Avoid smoking when walking in damaged areas, as gas lines could be leaking.
Wear thick-soled shoes or boots. Broken glass or nails could be underfoot.
On the road
When driving, remember that power outages might be widespread. Stop at all intersections where a traffic light is not working, and proceed with caution.
Never drive through floodwaters. There may be no road left, or the water may carry away your vehicle.
Downed power lines may still be charged or may unexpectedly go "live" as power is restored.
If a line falls on your vehicle while you are in it, stay inside the vehicle until help arrives. The only circumstance in which you should consider leaving a vehicle in contact with a downed power line is if the vehicle catches fire.
If you must escape the vehicle, open the door but do not step out.
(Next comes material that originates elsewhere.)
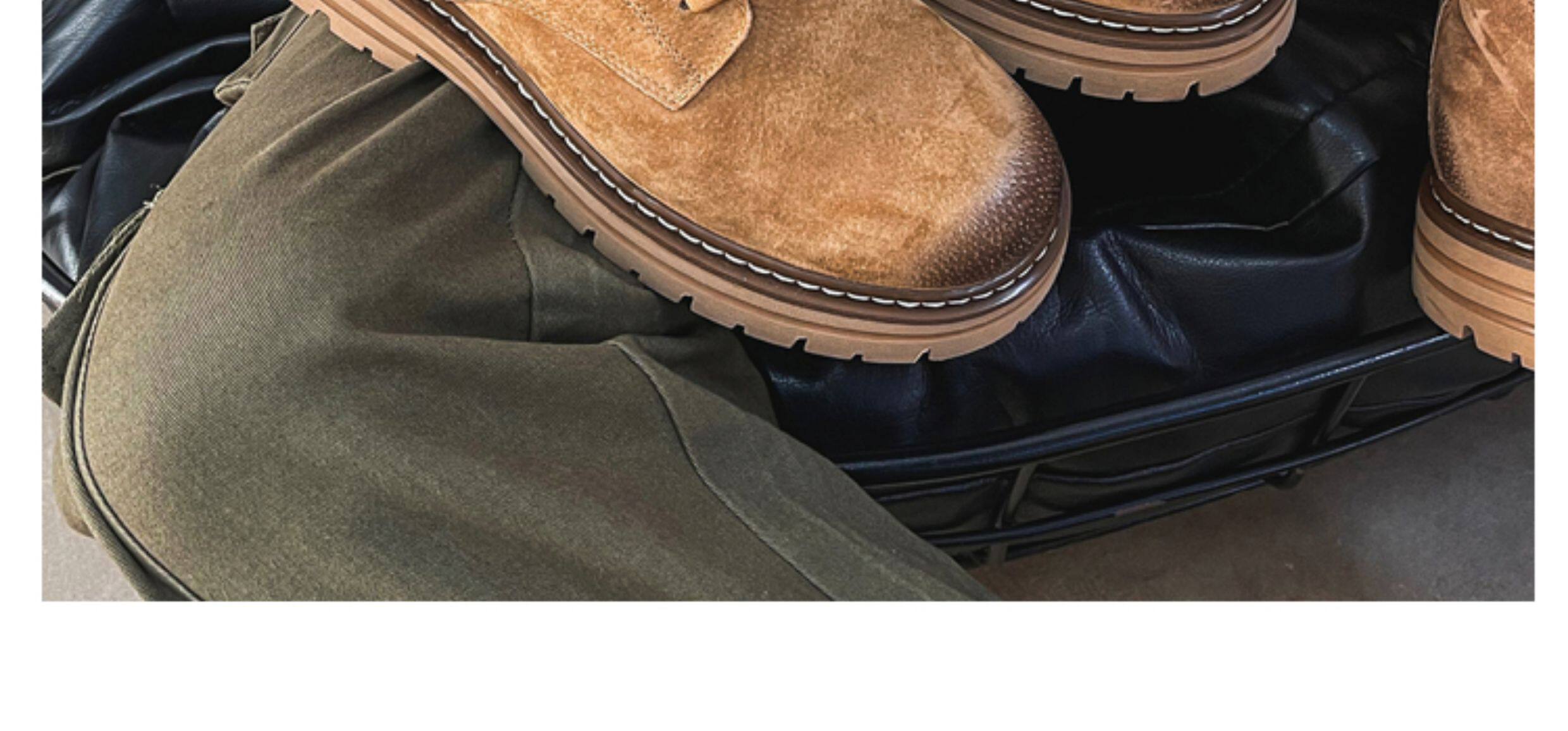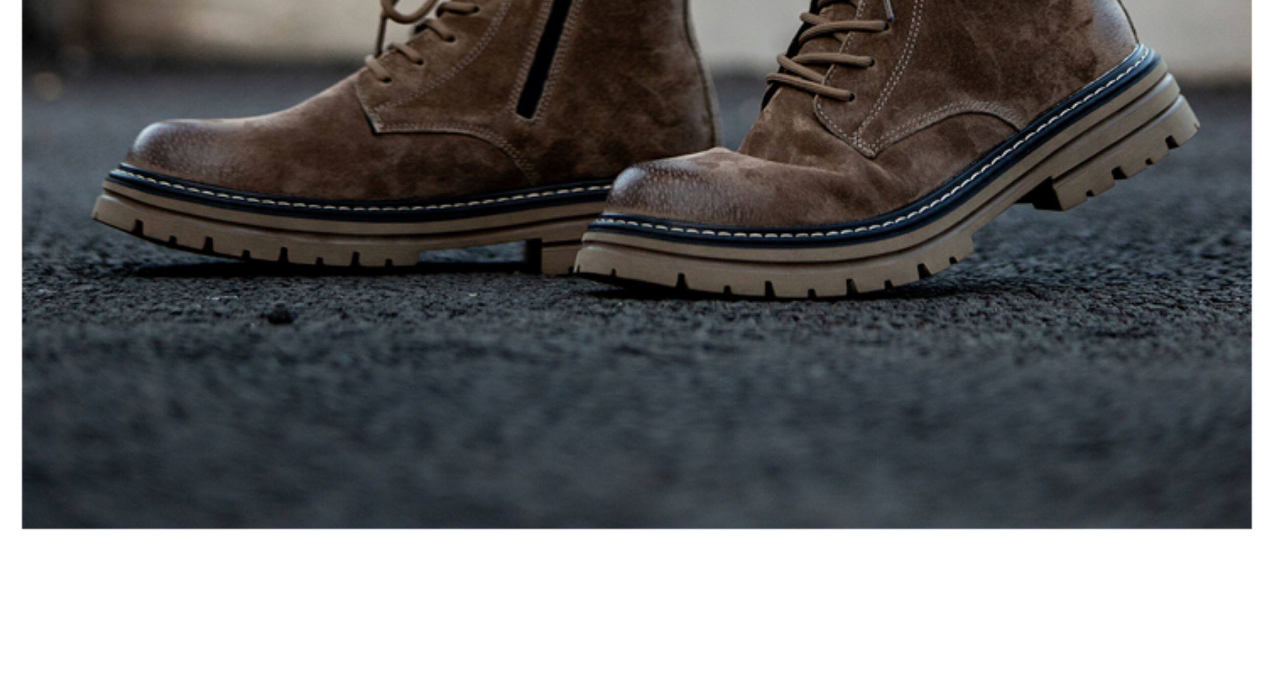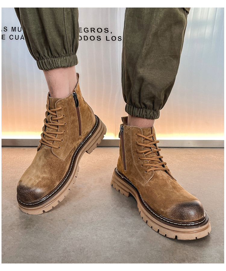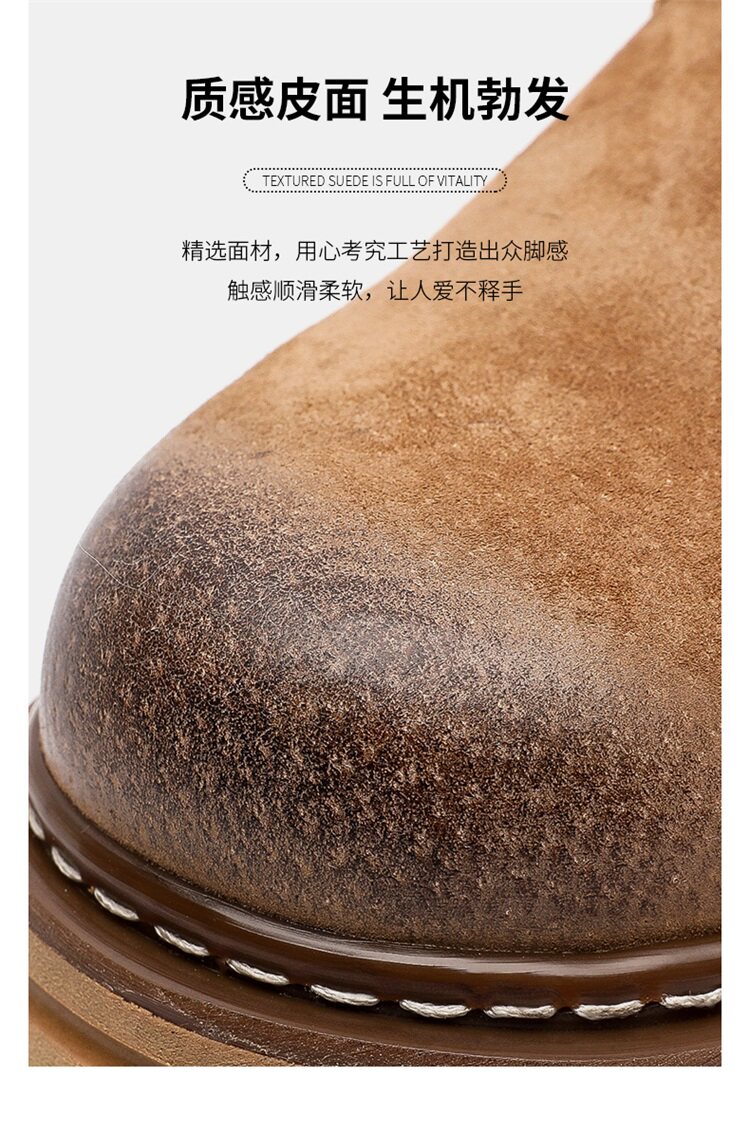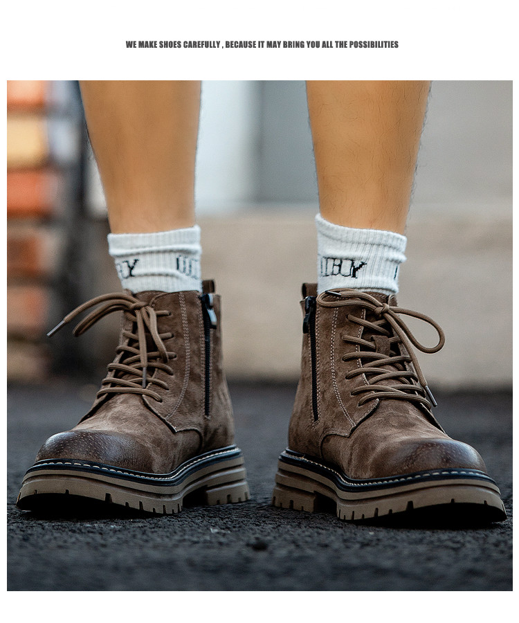 Martin Boots for Men, Winter Fleece-Lined High-Top Shoes, Genuine Leather Casual Retro Short Boots, Mid-Top British Style Thick-Soled Work Boots

You may receive a shock. Instead, jump free of the car so that your body clears the vehicle before touching the ground. Once you clear the vehicle, shuffle at least 50 feet away, with both feet on the ground.
Report individual problems with utilities only after neighborhood service has been restored.
When power comes back on, wait a bit before turning on more than a few lights.
Call the power company to make sure it knows your lights are out; don't assume it knows or that someone else has called.
Do not run a generator inside a home or garage. The fumes are dangerous.
Connect the equipment directly to the outlets on the generator.
Do not connect a generator to a home's electrical system.
If the power remains out, consider using food in the refrigerator before it spoils. Discard any food that may have come in contact with floodwaters. The key to saving food is to keep the refrigerator's or freezer's interior cold. Opening the door -- even once and briefly -- will fill it with warm air.
Throw away any food that has a temperature of more than 40 degrees Fahrenheit.
If you cook with a grill, keep it outdoors.